However, if you use the second API that I just showed you, the Fonts for URL, only a single notification will be sent out when all the fonts that you pass in the array have been registered. Obviously, there are similar APIs to unregister the fonts with similar names. Finally, there is a way for you to enable and disable the font descriptors that are available from each one of the APIs, typically something that font management applications will like to do.

Now, we have new enumeration APIs. Unlike the old legacy APIs, now you get all the fonts at once. No need to create an iterator. And also, the nice thing about this enumeration APIs is that the list of font names that you get is sorted in the same order that the font panel has them sorted, that the system has them sorted.
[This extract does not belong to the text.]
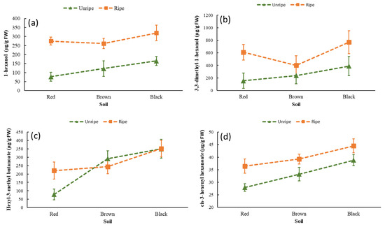 Interaction plots of the factors (soil and degree of ripeness) on the concentration of volatile compounds: (a) 1-hexanol, (b) hexyl-3-methyl butanoate, (c) 3,3-dimethyl-1-hexanol, (d) cis-3-hexenyl hexanoate. The error bars represent the standard uncertainty (p ≤ 0.05). The average values of the volatile compounds found in both varieties (Mayapan and Jaguar) were used. The concentration of volatile compounds is expressed on a fresh weight (FW) basis.
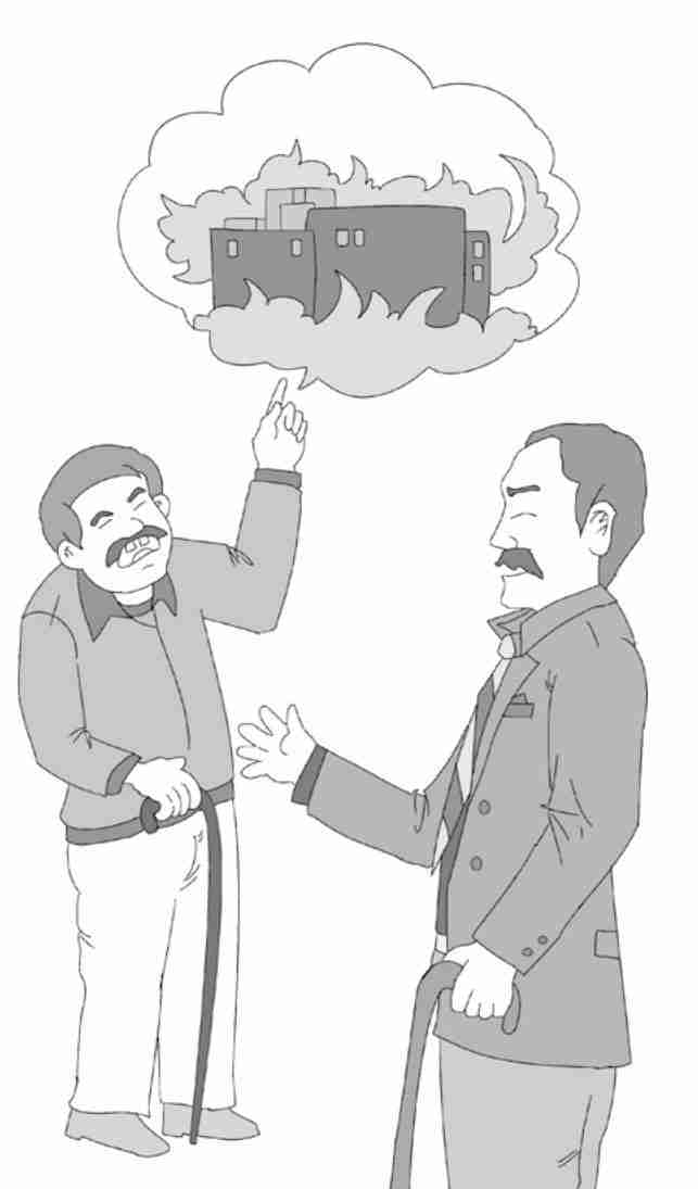 盲人越讲越激动:“您不知道当时情况是多么的紧急,火一下子冒了出来,人们像疯了一样朝门口拥挤而去。突然有一个大个子的年轻人在后面高喊‘让我先出去,我还年轻,还不想死!’于是他将我拥倒,从我的身子上面踩了过去。我昏迷了过去,等我醒来的时候,发现自己成了瞎子。”

Now, let's say that you have your own family names that are not registered with the system, and you want to present them to the user in the same order fashion that the system provides. You can use the Compare Font Families API to do just that.

There is an API that enumerates all the font files that are registered with the system, something that font management applications typically want to do. And this last one, it's a neat API. They create font descriptors from URL. It enumerates all the descriptors that a font file can handle.

Now, this is typically something that font management application might want to use, but It's also neat. You might want to use this API for your own applications. The reason is because this is how you can use a font in your application and hide it from the rest of the system, your own private registration.

Basically, you pass it in an arbitrary font file. It gives you the font descriptors that it can handle, and you hold on to those font descriptors, and you can pass those font descriptors to Core Text and Cocoa APIs to render text with them. If another framework tries to create or look up for that font, it won't find it because it hasn't been registered with the system.

Finally, we have Auto Activation Services. This is a new API. It's a mouthful. "Ct Font Manager. Create Font Request. Run Loop Source." And this is an API that you would use if you want to implement your own auto activation. Notice it takes the new Blocks API to implement callbacks. And I must warn you, this API is on the developer Snow Leopard seed that you received in the conference, but it's not currently active.

So just look at it in the header and provide us any feedback that you might have. Now, like I said, since Mac OS X Leopard, auto-activation is on by default. And there are ways for you to control the auto-activation features of the system. This is how you go about it.

You can enable it, disable it, or prompt the user before the auto-activation can take place. And you use this API, the Set Auto-Activation Setting API. It takes two parameters, a bundle identifier and a setting. The bundle identifier, typically, you will pass to your own apps bundle identifier and the settings will only apply to your own app. But if you want to turn it off for the whole system, you use the CT font manager bundle identifier string or identifier to apply the setting to the whole system.

Now, let's get to the exciting part about Core Text and that's its layout capabilities, the Unicode Text layout capabilities. So, like I said, the Core Text takes for input an attributed string, so your base string and a set of attributes that define it. And the first thing that happens is you deal with two objects that do all the heavy lifting in Core Text. These are the frame setter and the type setter.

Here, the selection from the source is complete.